While watching my family feverishly play word jumble one day, I decided to write a program to list anagrams. They're still addicted to that game, but I've long since finished up my program. Although it wasn't much effort, I thought I'd go over what I came up with. I wrote code to find single word anagrams, sub anagrams, and multi word anagrams. Since those may be my own nomenclature, I'll explain more clearly. What I'm calling a Single Word Anagram is a single word made up from all the letters of one or more words, such as "cat" to "act" and "resume" to "sure me." What I'm calling Sub Anagrams are possible shorter words made up from one or more words, such as "cat" to "catharsis" and "user" to "sure me." What I'm calling Multi Word anagrams are two or more words made up from all the letters of , such as "sure me" to "resume." Now let's get into my implementation. You should know that my implementation does assume you're more concerned about processing time than memory space.

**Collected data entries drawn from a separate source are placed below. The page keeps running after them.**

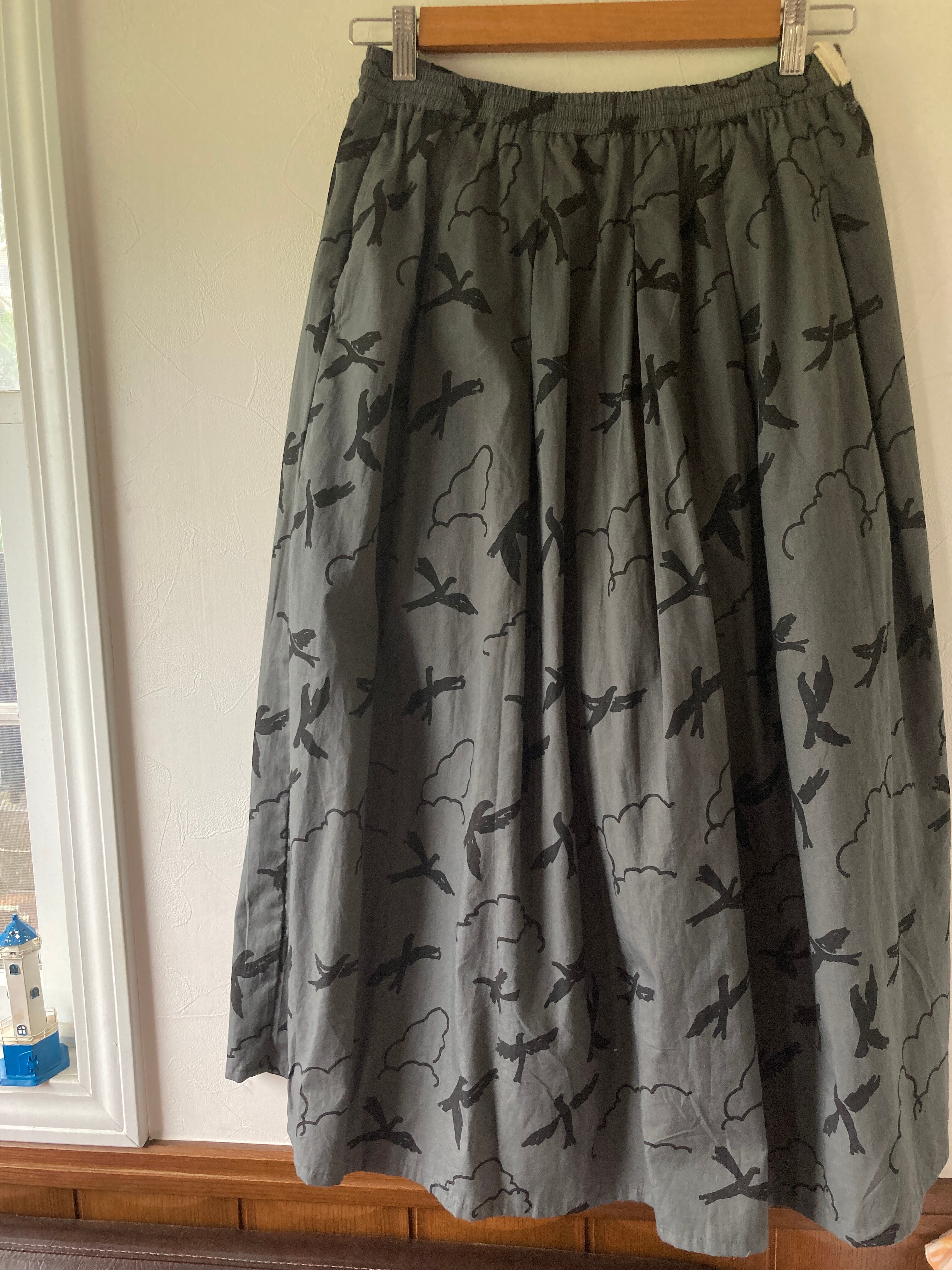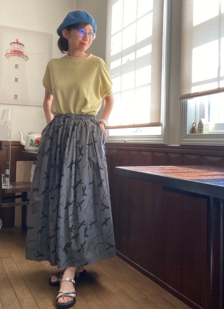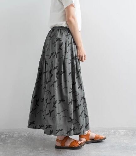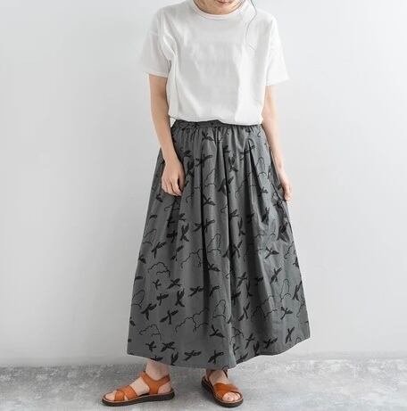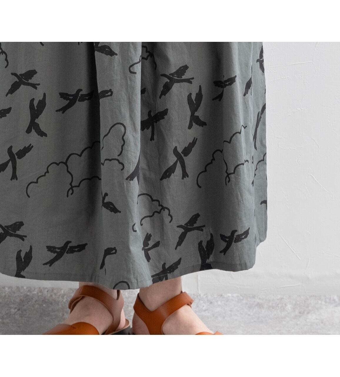 鳥モチーフをプリントしたギャザースカートは、ほどよくハリのあるコットン生地でちょうどいいボリューム感。内ヒモ入りでサイズ調整も可能。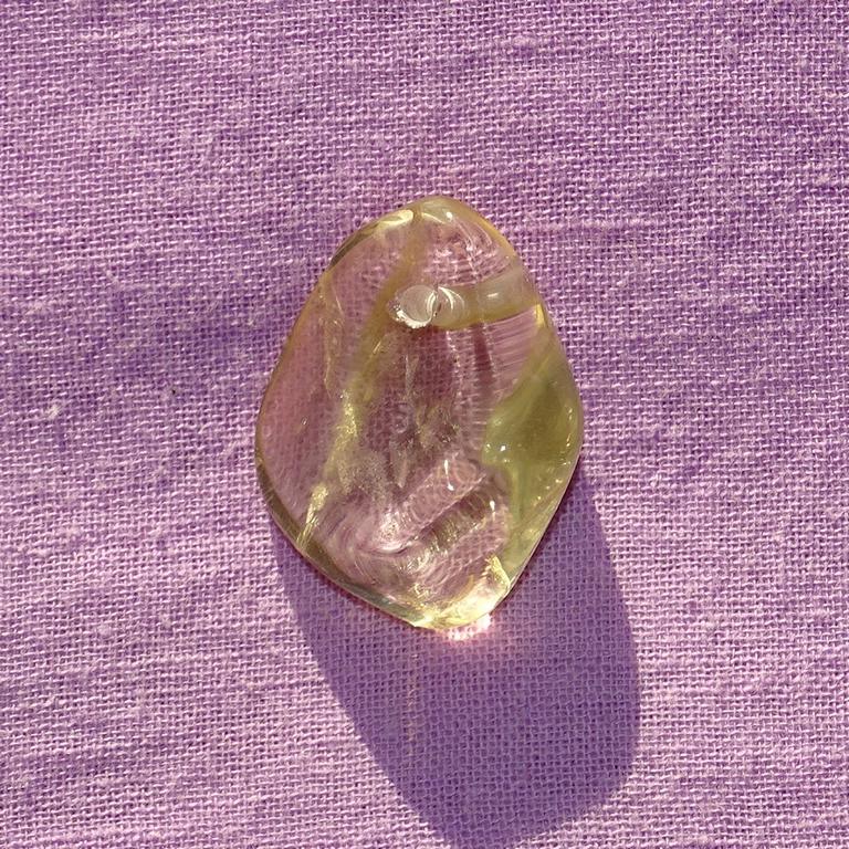 Der Heliodor ist gelblich durchsichtig, der violette Schimmer kommt nur von der Unterlage!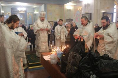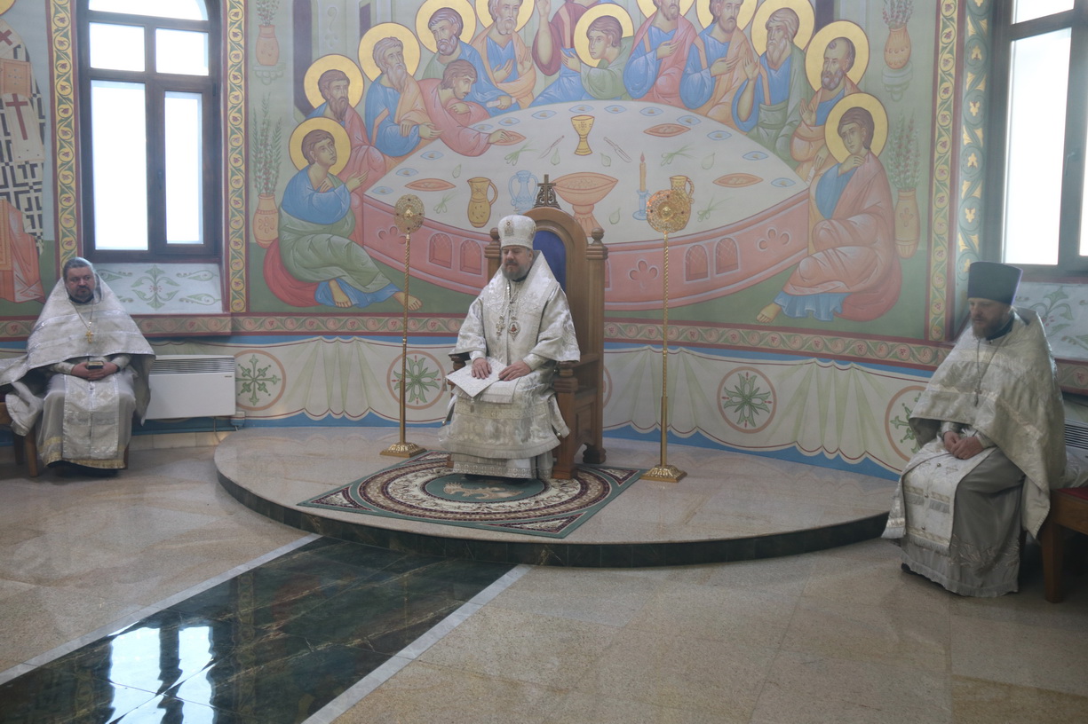 В завершение богослужения духовенством была совершена Великая панихида. Затем Владыка обратился к верующим с архипастырским словом.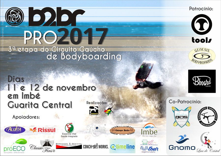 Imbé receberá neste final de semana (11 ou 12 de novembro) a 3ª etapa do Circuito Gaúcho de Bodyboarding 2017. O B2BR Pro será junto a Guarita Central, no calçadão, e poderá definir alguns campeões estaduais de forma antecipada, já que a etapa final acontecerá em dezembro. Conforme a Federação Gaúcha de Bodyboarding (FGB), o evento será realizado no dia que tiver as melhores condições de ondulação e vento, conforme as previsões. A Prefeitura apoia a competição.

Also, I originally wrote the code in java, but that language is not very suited for code snippets... it's so, so verbose. So all my code examples are going to be in ruby, with an emphasis of being as concise as possible. I left out all the optimizations I did for my java program, I'm only intending to give a general example of how the code works. So the code runs very, very slowly for long words. But, you'll get the idea of what's going on.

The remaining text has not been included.